DEATH CERTIFICATE

JOHN FARROW

Date   05 February 1930
Cert:  Duplicate # 03160     Original # 08598
Place of Death: Voting Pct:  Palmyra, Hopkinsville, Christian Co., Ky.
Full Name:  John FARROW
Residence:  Western State Hospital, Hopkinsville, Ky.
Length of Residence in city where death occurred: 05 years, 03 months, 29 days
Sex, Color or Race, Marital Status:  Male, Black, Widower
Husband or Wife of:  (blank)
Date of Birth:  1868
Age:  62 years
Occupation:  Miner, R. R. Man & Plasterer
Birthplace:  Knott Co., Kentucky
Father Name:  Buford FARROW
Birthplace Father:   Knox Co., Ky. 
Mother Maiden Name:  Sarah YOUNG
Birthplace Mother:  Knox Co., Ky.
Informant/Address:  W. S. Hospital Records, Hopkinsville, Ky.
Filed:  08 February 1930
Registrar:  Ruth Bagby
Death of Date:  05 February 1930
I hereby certify that I attended deceased from 08 April 1929 to 05 February 1930, that I last saw him alive on 04 February 1930, and that death occurred on the date stated above at 1:25 a.m.

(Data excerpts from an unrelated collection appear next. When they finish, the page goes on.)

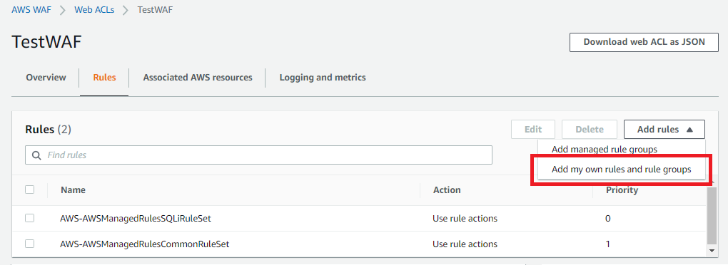 위와 똑같이 WAF에서 Add my own rules and rule groups를 눌러주자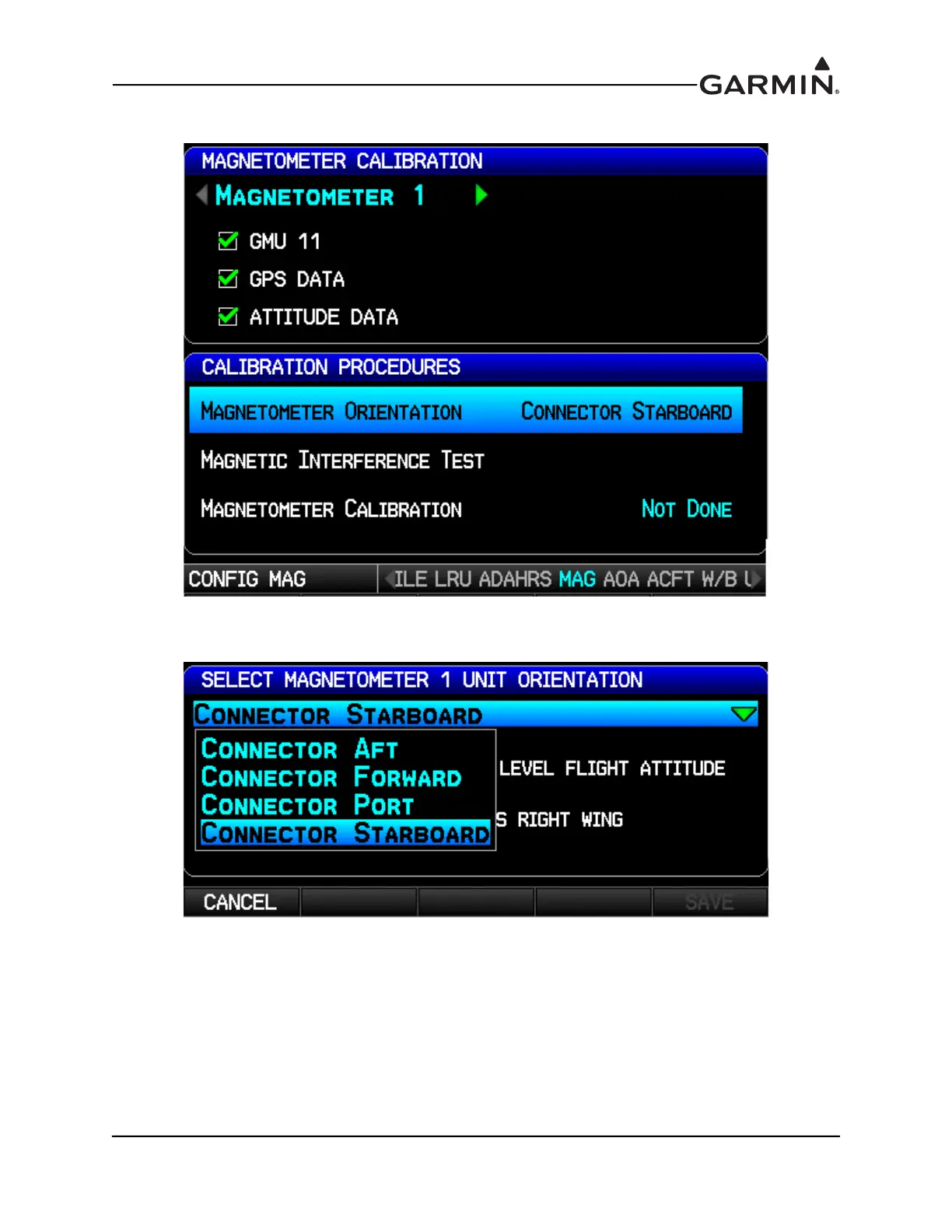 5. Use the FMS Joystick to select the correct orientation of the mounted GMU 11 and press the ENT
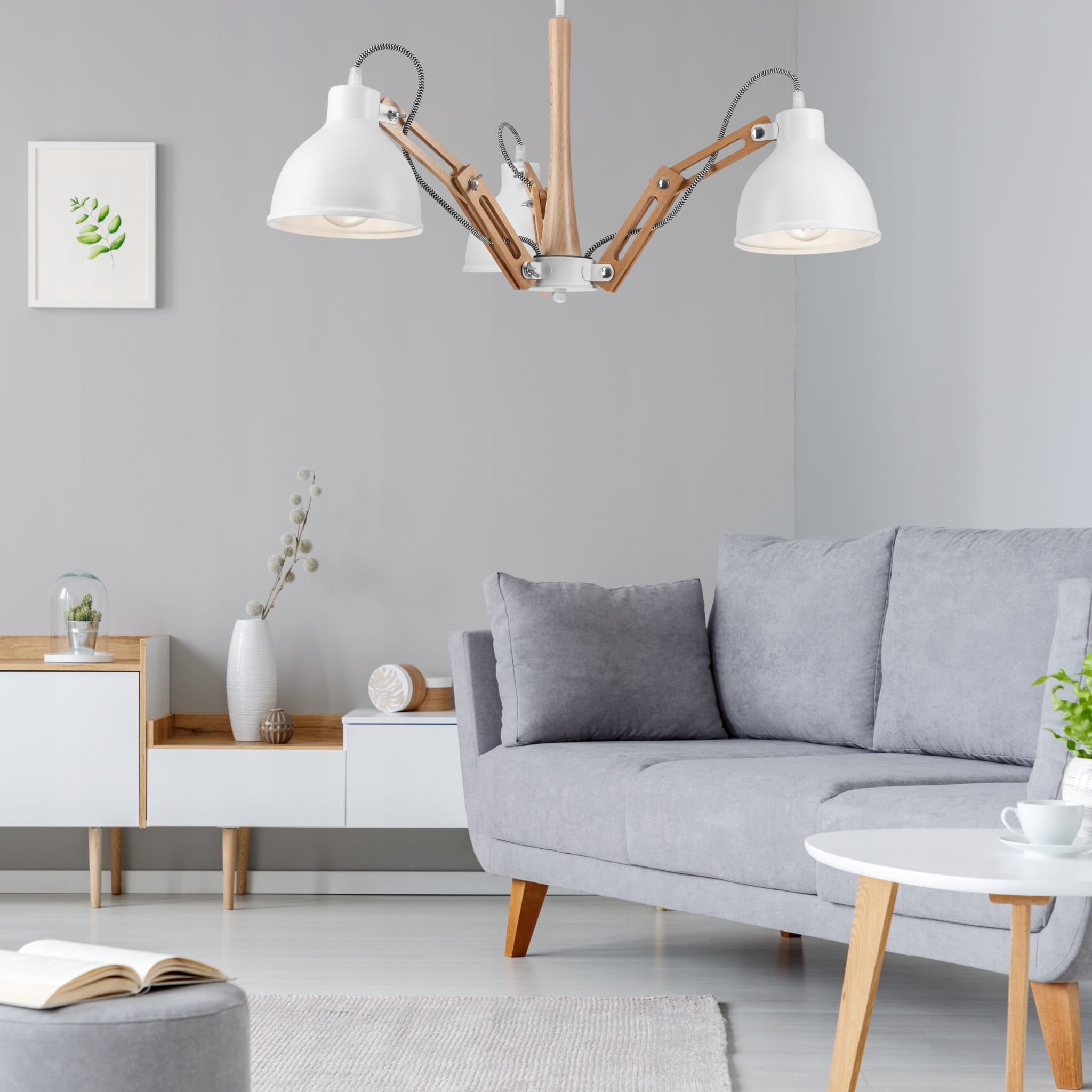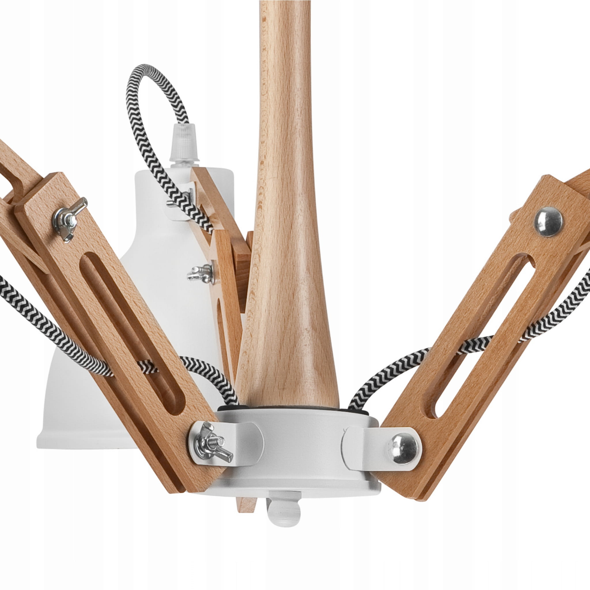 Jednym z głównych komponentów lampy jest drewno bukowe - malowane lakierem bezbarwnym. Wykonano z niego ruchome ażurowe ruchome ramiona w formie wysięgników oraz główną bazę lampy.

Cause of Death: Broncho Pneumonia
Duration:  08 days
Contributory:  Psychosis
Duration:  about 6 years
Where was disease contracted if not at place of death?: W.S.H.
Did an operation precede death: no      Date: none
Was there an autopsy:  no
What test confirmed diagnosis: Clinical
Signed/Address:  D. C. Brooks, M.D., 05 February 1930, Western State Hosp., Hopkinsville, Ky.
Place of Burial or Removal:  W of Louisville, Ky.
Date of Burial:  08 February 1930
Undertaker/Address:  W. S. Hospital, Hopkinsville, Ky.